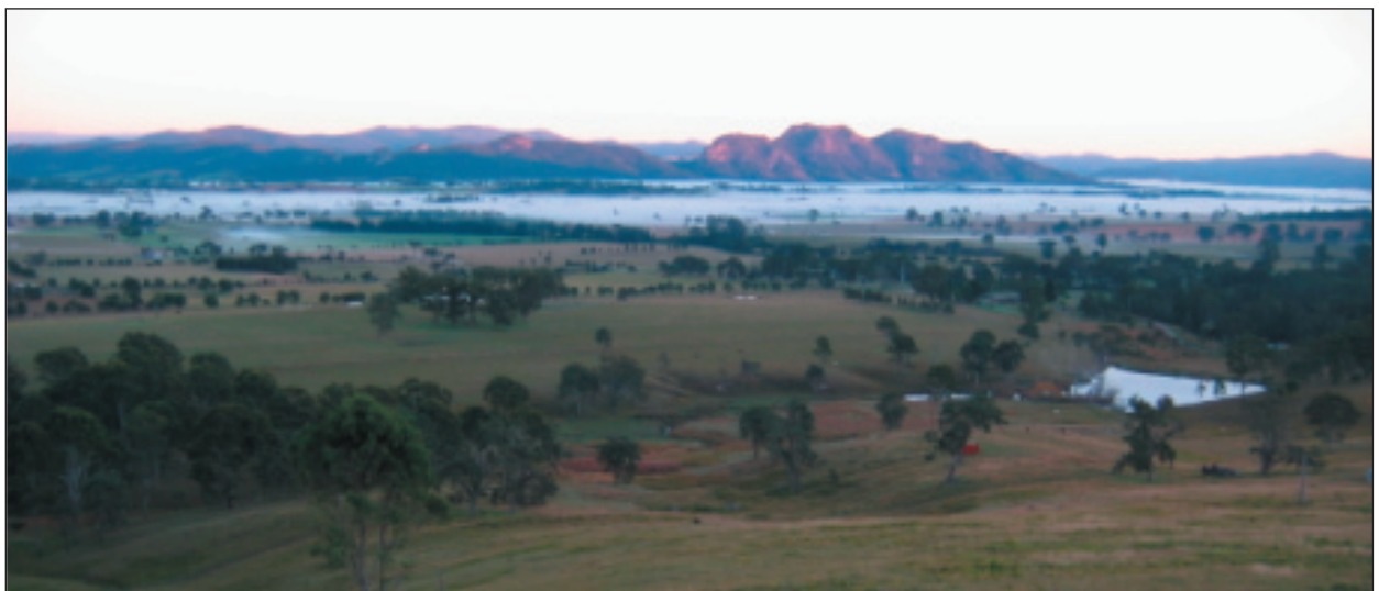
The photograph below highlights the area covered by Exploration Licence 6523 Misty Morning Sunrise – looking northwest across the Avon Valley to the Bucketts Mountains. Gloucester Town is in the mist.

JOIN US. Contact GRIP on 02 6558 9835 or email gripgloucester@gmail.com
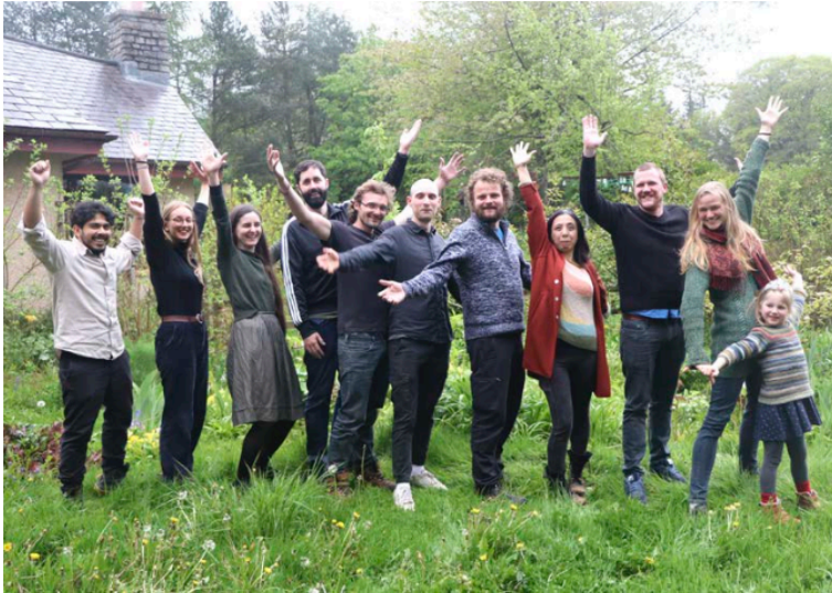
Some of the participants from this year's Youth Conference at Newton Dee.
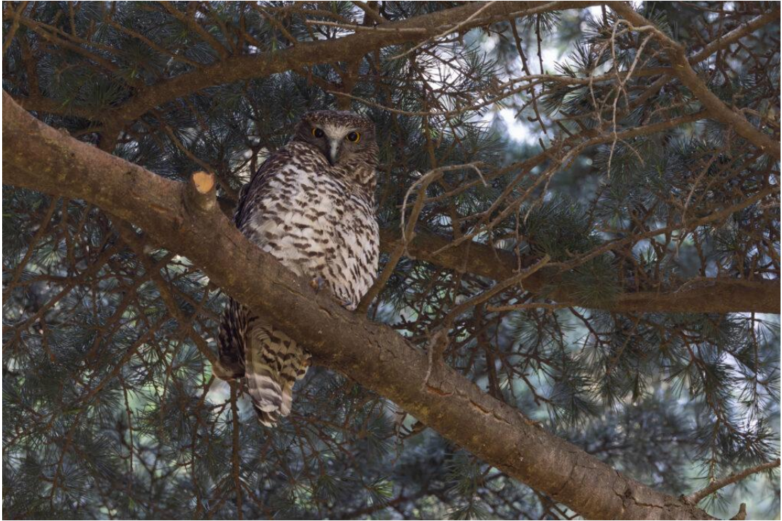
Powerful Owl
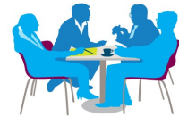
EMC Events for Councillors and Officers
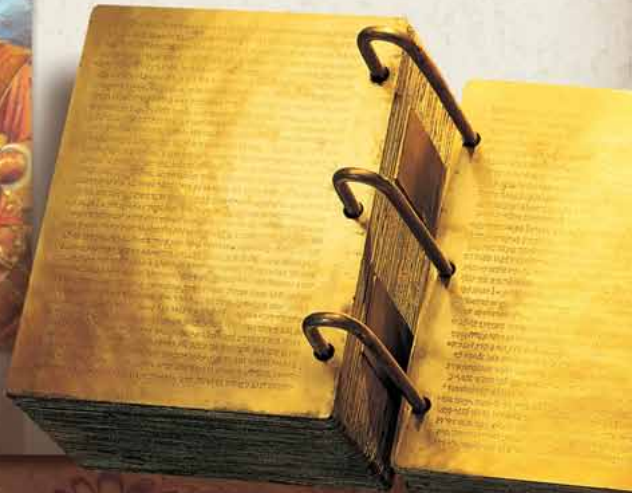
DETAIL FROM NEPHI WRITING ON THE GOLD PLATES; BY PAUL MANN; PHOTOGRAPH OF GOLD PLATES REPLICA; JOSEPH SMITH WRITING; BY DALE KILBOURN
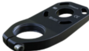
60mm offset 10° flexion
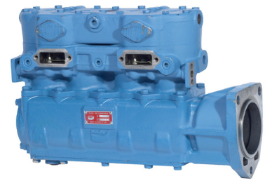
Bendix® Tu-Flo® 1400 Compressor
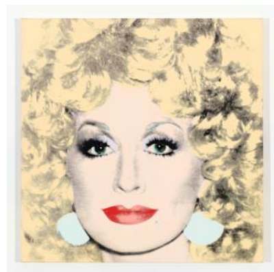
Andy Warhol, Dolly Parton (1985)
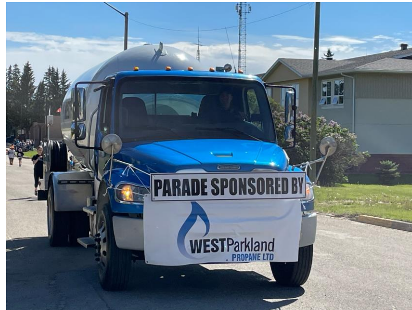
West Parkland Propane recently sponsored the 2022 Heritage Days Parade
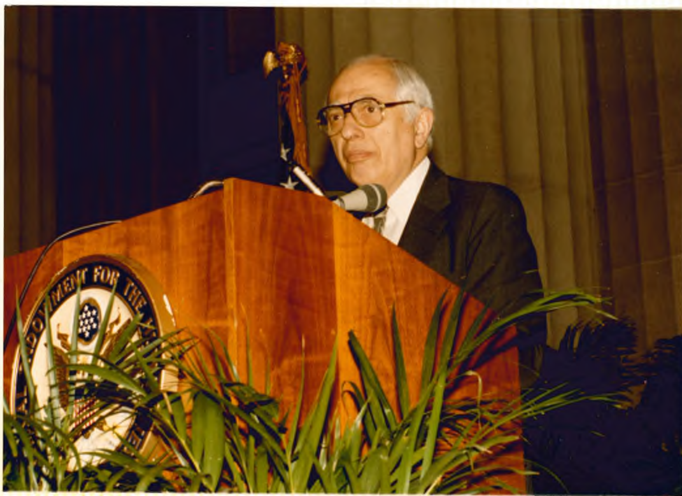
Dr. Bernard Lewis, 19th Jefferson Lecturer in the Department of Humanities, presenting his lecture, "Western Civilization: A View from the East."
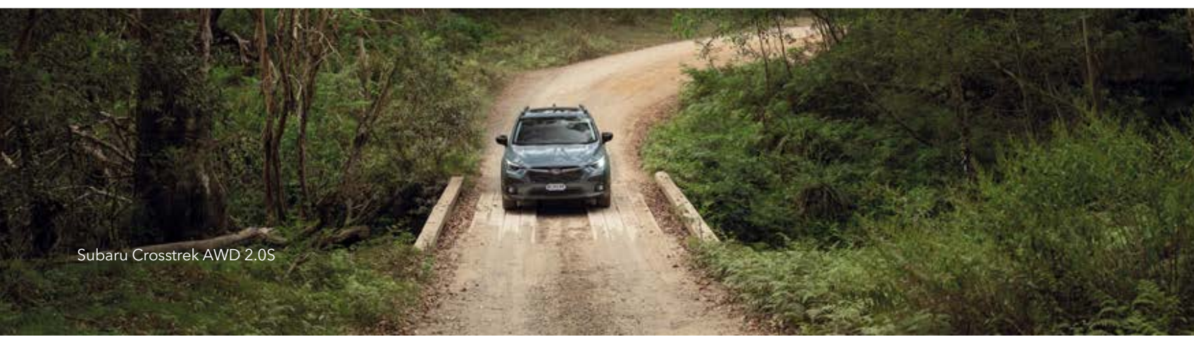
Subaru Crosstrek AWD 2.0S
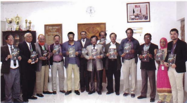
A view during the unveiling of the Annual Magazine 'The Ray'

The Centre for Research, HRD and Publications of the University published the third issue of the Annual Magazine of Prime University 'The Ray'. The foremost contributors of the Magazine are the students, faculty members, executives and staffs. The magazine was unveiled on 04.02.2019 in the presence of the Chairman, Senior Vice Chairman and Vice Chairman of the Board of Trustees. Vice Chancellor, Treasurer, Deans of different faculties, Registrar, Head of the Department of CSE, Editor, Co-Editors and Member Secretary of the Editorial Board of 'The Ray' were also present during the event.
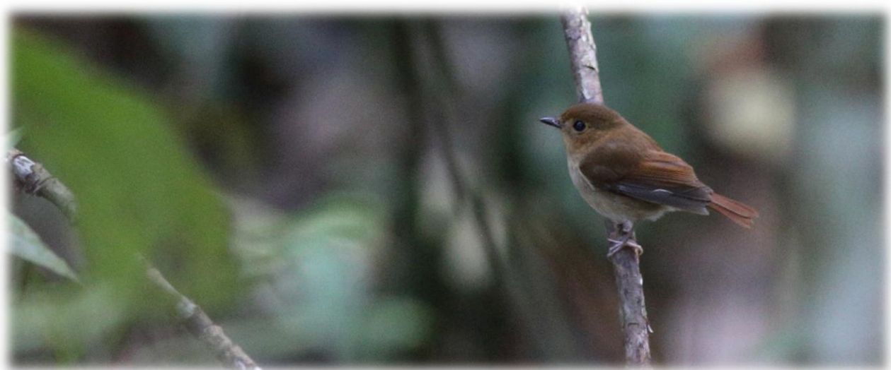
192. Cryptic Flycatcher Ficedula crypta . 1, Jan 11 th Eden along the stream and road.
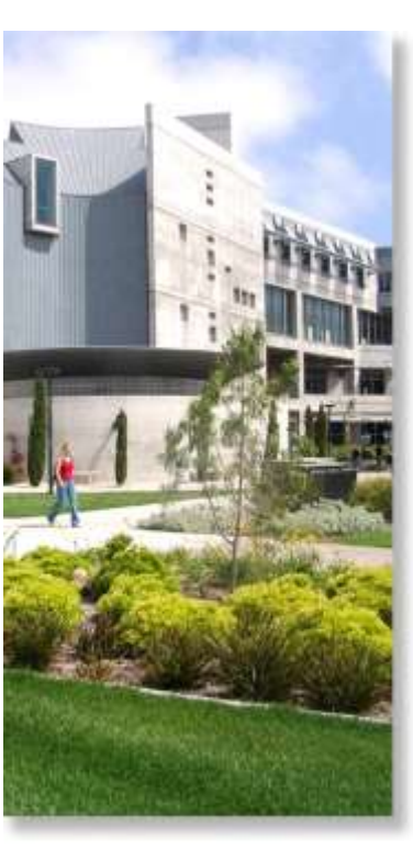
SAN DIEGO MESA COLLEGE

========

(YOUR GOAL):
Output the entries above exactly. Drop the pictures.

(YOUR RESPONSE):
The photograph below highlights the area covered by Exploration Licence 6523 Misty Morning Sunrise – looking northwest across the Avon Valley to the Bucketts Mountains. Gloucester Town is in the mist.

JOIN US. Contact GRIP on 02 6558 9835 or email gripgloucester@gmail.com
Some of the participants from this year's Youth Conference at Newton Dee.
Powerful Owl
EMC Events for Councillors and Officers
DETAIL FROM NEPHI WRITING ON THE GOLD PLATES; BY PAUL MANN; PHOTOGRAPH OF GOLD PLATES REPLICA; JOSEPH SMITH WRITING; BY DALE KILBOURN
60mm offset 10° flexion
Bendix® Tu-Flo® 1400 Compressor
Andy Warhol, Dolly Parton (1985)
West Parkland Propane recently sponsored the 2022 Heritage Days Parade
Dr. Bernard Lewis, 19th Jefferson Lecturer in the Department of Humanities, presenting his lecture, "Western Civilization: A View from the East."
Subaru Crosstrek AWD 2.0S
A view during the unveiling of the Annual Magazine 'The Ray'

The Centre for Research, HRD and Publications of the University published the third issue of the Annual Magazine of Prime University 'The Ray'. The foremost contributors of the Magazine are the students, faculty members, executives and staffs. The magazine was unveiled on 04.02.2019 in the presence of the Chairman, Senior Vice Chairman and Vice Chairman of the Board of Trustees. Vice Chancellor, Treasurer, Deans of different faculties, Registrar, Head of the Department of CSE, Editor, Co-Editors and Member Secretary of the Editorial Board of 'The Ray' were also present during the event.
192. Cryptic Flycatcher Ficedula crypta . 1, Jan 11 th Eden along the stream and road.
SAN DIEGO MESA COLLEGE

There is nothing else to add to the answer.